Une exhumation qui a attiré l'attention du monde
Carlo fut béatifié en 2020, et en vue de cette béatification, son tombeau fut ouvert en 2019 dans le cadre de l'enquête formelle de l'Église sur sa vie et sa cause. Les personnes présentes lors de l'exhumation rapportèrent que ses traits du visage étaient étonnamment bien conservés. L'Église prend soin de ne pas traiter ce genre de détail physique comme une preuve de sainteté en soi — la canonisation repose sur la vie, la vertu et les miracles d'intercession confirmés d'une personne, non sur l'état de ses restes — mais le détail se répandit rapidement dans les médias catholiques et attira un grand nombre de pèlerins, dont beaucoup de jeunes, venus le voir à son tombeau dans l'église Santa Maria Maggiore d'Assise, où il repose désormais simplement vêtu d'un jean et de baskets plutôt que de vêtements liturgiques traditionnels.
Canonisé aux côtés d'un autre jeune laïc
Carlo Acutis fut canonisé le 7 septembre 2025 par le pape Léon XIV, lors d'une cérémonie tenue conjointement avec Pier Giorgio Frassati, un autre jeune laïc italien reconnu pour une sainteté vécue dans une vie ordinaire et moderne plutôt que dans un monastère ou un champ de mission. La double canonisation avait initialement été prévue pour avril 2025 mais avait été reportée après la mort du pape François. Associer les deux hommes était en soi un signal délibéré du Vatican : tous deux étaient des laïcs, non des clercs ou des religieux, tous deux moururent jeunes, et tous deux sont présentés comme la preuve qu'une vie spirituelle riche et disciplinée est possible au sein d'une vie ordinaire d'école, de travail et de famille, non seulement dans un couvent ou un séminaire.

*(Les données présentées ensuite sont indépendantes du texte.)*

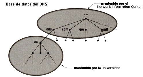 El Network Information Center p. ej. administra el dominio "edu" (educational) pero pasa la autoridad sobre el subdominio "ac.edu" (academic) a la Universidad, la cual autoriza al instituto de matemáticas para administrar el siguiente subdominio: "físicas.ac.edu" (Figura 3).
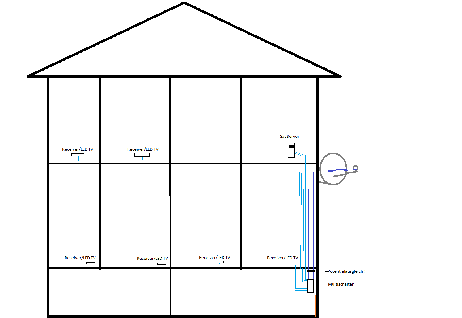 Mehrfamilen-Haus = wohnungsübergreifende Installation ! Damit wird, unabhängig vom Montageort der Antenne (Blitz-geschützer Bereich oder nicht-Blitz-geschützer Bereich) ein Potentialausgleich nach DIN-Vorschrift zur Pflicht =>

La fête de Carlo est désormais célébrée le 12 octobre, et de nombreux catholiques le considèrent de manière informelle — bien qu'aucun décret universel formel n'existe — comme un patron naturel de l'ère d'Internet, un statut qui remonte directement au projet même qui a rempli sa courte vie : une trace en ligne d'une foi très ancienne. Sa cause de canonisation avança avec une rapidité inhabituelle pour les standards du Vatican, en partie grâce au volume de témoignages recueillis auprès de personnes, notamment de jeunes, qui attribuaient à son exemple leur retour vers la messe et la confession régulières — le genre d'impact spirituel concret et documenté que les enquêteurs de l'Église recherchent pour bâtir un dossier de sainteté.
« L'Eucharistie est mon autoroute vers le ciel »
Parmi les paroles attribuées à Carlo Acutis, l'une est devenue particulièrement associée à lui : « L'Eucharistie est mon autoroute vers le ciel », une phrase qui capture à la fois sa dévotion personnelle et la manière dont il pensait les outils ordinaires et modernes — une autoroute, un site web — comme des véhicules pour quelque chose de bien plus ancien que l'un et l'autre. Les images pieuses et cartes de dévotion produites depuis sa béatification reprennent volontiers cette même juxtaposition, le montrant souvent dans son jean et son polo caractéristiques plutôt que dans une quelconque tenue formelle ou cléricale, précisément parce que ses admirateurs souhaitent qu'on se souvienne de lui comme d'un adolescent résolument contemporain — un saint qui ressemblait, au premier regard, à n'importe quel autre adolescent, et dont la sainteté n'avait rien à voir avec une apparence différente.